The problem with this is that once a company has finally matured to using a fully capable business application for streamlining workflow processes, expanding the businesses capabilities for analyzing and reporting on business data, that system’s full capability is rarely realized. This is not due to the inability of the technology or the programmers creating it, it is typically caused by the business not being properly analyzed when preparing the requirements.
All too often, the internal sponsors of the project, end-users, business analysts, and other domain experts, are often in too much of a time constraint to meet milestones imposed by a Project Manager or Business Manager. Thusly; the project misses a truly golden opportunity to realize a much higher ROI on the system, greater productivity increases, longer life of the system, and better suitability for the way the business currently operates.

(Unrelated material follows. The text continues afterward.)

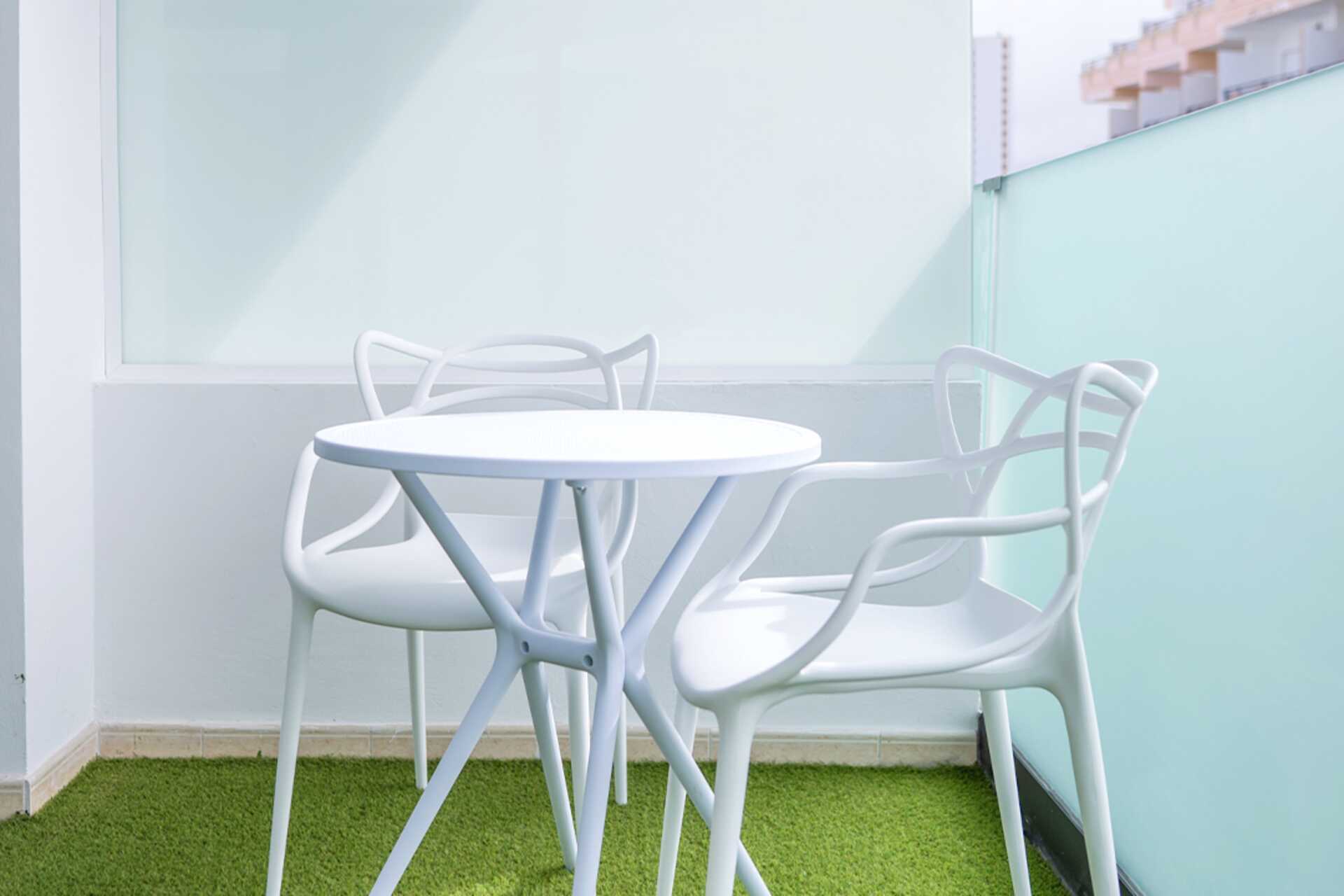 Dobbeltværelser med balkon. To enkeltsenge. Gratis wifi, aircondition og deponering. Minibar. El-kedel. Tv med internationale kanaler. Hårtørrer. Åben planløsning til badeværelse med matteret glasdøre til bruser og toilet. Rengøring 7 gange om ugen.

Here’s how you might resolve the problem:
- Advise/enlighten the PM: Let the PM and the project’s stakeholders know of the consequences of not evaluating the workflow process and domain terminology sufficiently.
- Document the cost of needing to rewrite a system: A rewrite in only a couple of years, or worse, never getting the system launched at all, compared to the extra time to conduct a proper analysis needs to be reviewed during the initial planning of the project. Engage the business analyst and/or architect to help with this as early in the process as possible.
- Question conventional terminology. Create a dictionary of the domain’s “Ubiquitous Language”. Challenge each term and its meaning to each stakeholder, sponsor, or end-user. In other words, requirements gathering is more than just collecting nouns and verbs.
- Work with a Domain Expert: A domain expert – versus everyday end-users – can analyze business processes that need to improve and how the system can accommodate that. Don’t just assume the data set tells the whole story about how it is used. The business analyst, or domain expert, must have a solid understanding of your business, not the technology to be used to serve it. Again, this should be done in collaboration with the architect.
- Create simple to understand user stories: Good user stories are short, precise, and limited to single actions. They should clearly state who, what, and why for each action the end-user or the system needs to perform. Don’t create elaborate requirements documents that obscure the intent of the requirement – it’s the old adage of, “can’t see the forest through the trees”.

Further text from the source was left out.